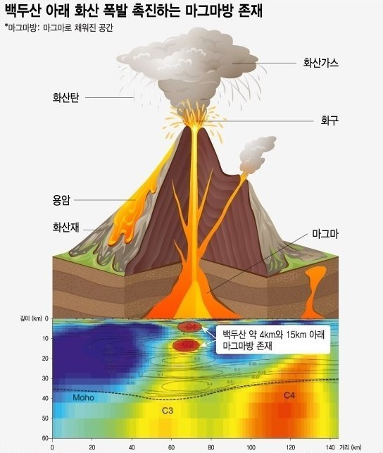 백두산 아래쪽 마그마 방에 마그마가 차오르고
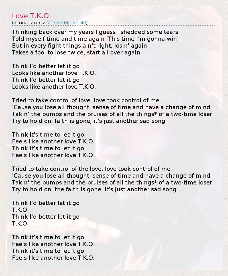 А как ты думаешь, о чем песня "Love T.K.O." ?
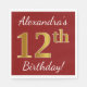Den här enkla pappra napkin-designen innehåller ett meddelande som "Alexandra’s 12:e Birthday!", där "12:e" har ett utseende som liknar guld, på en röd färgad. Namn kan vara personlig. Den skulle kunna användas i en födelsedagsfest för någon som firar sin tolfte födelsedag. [~Z0000080]
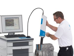 The Hommel-Etamic Toposcan is a system used for measuring the surface of cylinder bores larger then 60mm in diameter. The Toposcan is capable of automatically measuring the size of porosity and blow holes, stroke reversal radius, laser pocket structures, roughness of bore walls, torn and folded metal and cross-hatch angles. It can be used either for R&D tasks or in the production line.
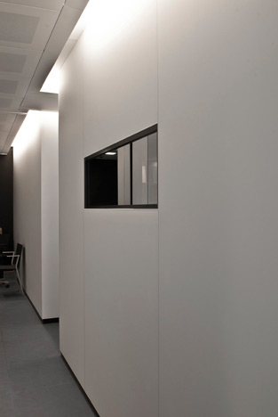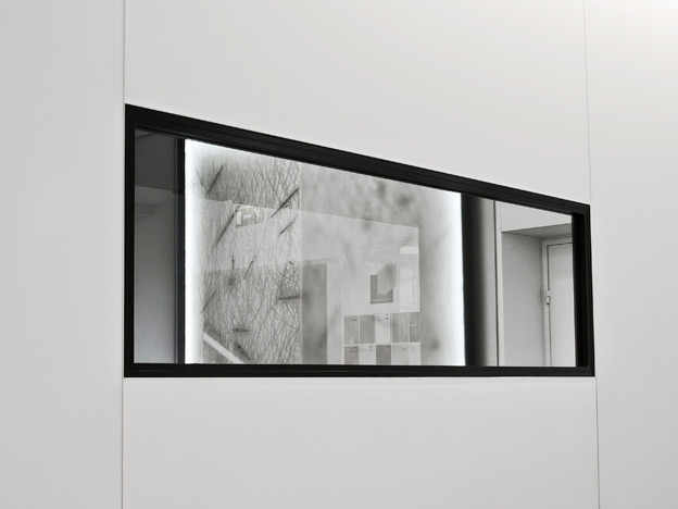 Bureau 2: Dalles de faux-plafond KREON mur en Matelac verre satiné.
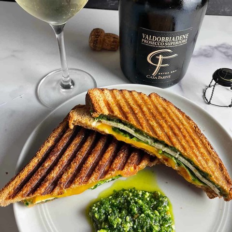 Our Turkey Pesto Panini is another way to use that leftover turkey! Gets even better with some Prosecco Superiore.
+---+
Task details —
Could you copy, exactly and with no pictures, each line from the first one above to the line holding "Den här enkla"?

Expected answer —
 백두산 아래쪽 마그마 방에 마그마가 차오르고
 А как ты думаешь, о чем песня "Love T.K.O." ?
Den här enkla pappra napkin-designen innehåller ett meddelande som "Alexandra’s 12:e Birthday!", där "12:e" har ett utseende som liknar guld, på en röd färgad. Namn kan vara personlig. Den skulle kunna användas i en födelsedagsfest för någon som firar sin tolfte födelsedag. [~Z0000080]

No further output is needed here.